Russia Becomes Seventh Country in the Entire World Where It’s Dangerous to Own a Bible



Paul Goble

            Staunton, August 19 – Christianity Today recently published an article entitled “Six Countries in Which It is Dangerous to Own a Bible.” Now, a Rosbalt commentator says in an article entitled “The Bible has Lost to the Vampires,” Russia has become the seventh by an action “without precedent in the civilized world.”

            The six countries the American publication named are North Korea, Uzbekistan, Somalia, Libya, Morocco, and the Maldives.  In some of these, like North Korea and Uzbekistan, even possessing a Bible is against the law, and in Morocco, no one is allowed to have a Bible in Arabic translation.

            Russia has become the seventh in this list of dishonour, Anton Chivchalov says, as a result of a decision by a Vyborg court which held up a ban on the importation of a Bible as translated by the Jehovah’s Witnesses. It held that possessing such a Bible was an act of extremism and punishable as such (rosbalt.ru/posts/2017/08/18/1639575.html).

                “Nothing like this exists in any country of the civilized world,” the Rosbalt commentator continues. The Russian government wasn’t satisfied with declaring an entire religious denomination, the Jehovah’s Witnesses, extremist and banning it. Instead, Moscow took the next step and banned its Bible that has been disseminated in millions of copies around the world.

            The court hearings, Chivchalov says, occurred in “an atmosphere of a surrealistic theater of the absurd.”  The court of a civil state got involved with assessing religious dogmas such as the Trinity and God’s names. “It turned out that the judge knew the answers to these questions,” however strange that may seem.

            The experts who testified for the prosecution presented information reflecting not a deep knowledge of religion but consisting of what can only be described as “plagiarism from Wikipedia.”  The judge rejected all objections by the defense. More than that, he ignored the laws of the Russian Federation governing evidence.

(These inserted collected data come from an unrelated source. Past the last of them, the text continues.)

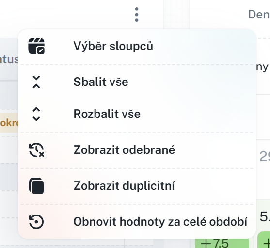 Obnovit hodnoty za celé období - Obnoví původní hodnoty za celé období. Funguje jako vrácení ručních změn.
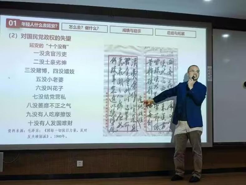 马克思主义学院副教授郑善庆通过老兵之口和历史文献,解答了“年轻人为什么去延安”、“怎么去延安”和“去延安做什么”三个问题,同时结合宁波地区革命根据地的发展情况,叙说宁波地区老一辈革命英雄故事,向同学们全面讲述了党的执政地位的取得,源于历史的选择和人民的拥护。
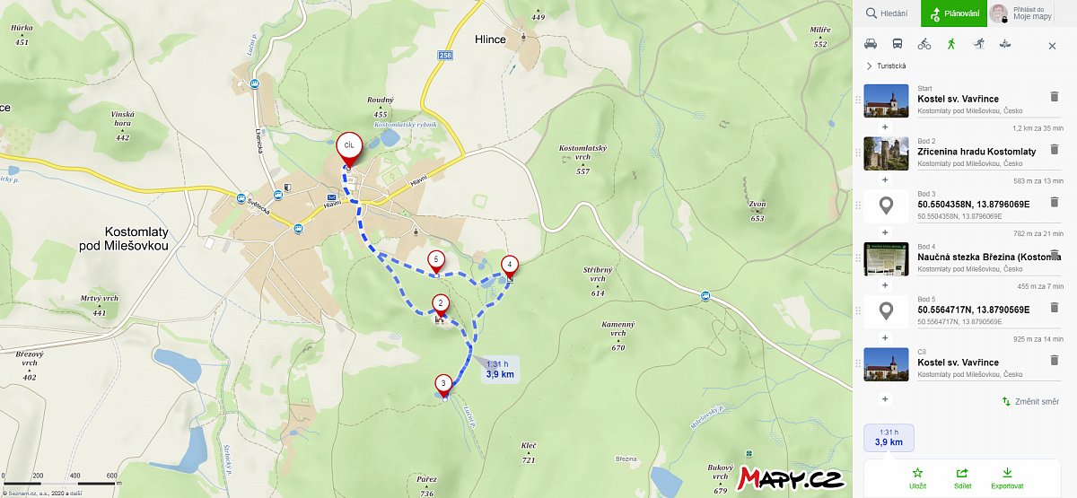 | 7.4.2019 | Hazmburk | odbočka ze silnice na tur. cestu | odbočka ze silnice na tur. cestu | 4 | 8 | |
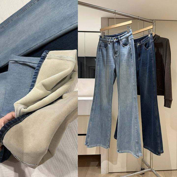 前长后短 一条过冬厚绒加厚厚实保暖高腰筒喇微弹喇叭牛仔裤长裤

            What the experts who testified for the government are worth is reflected by their earlier actions.  They concluded in an earlier case that vampires were in no way extremist because interest in such things is “a normal phenomenon in particular subcultures. But for the Bible even subcultures are no justification.”

            In Russia today, the Rosbalt commentator says, “there is a place for the vampire subculture, but there cannot be a place for the subculture of readers of several translations of the Bible.” Consequently, one is forced to conclude that for Russians, “the Bible has lost to the vampires.”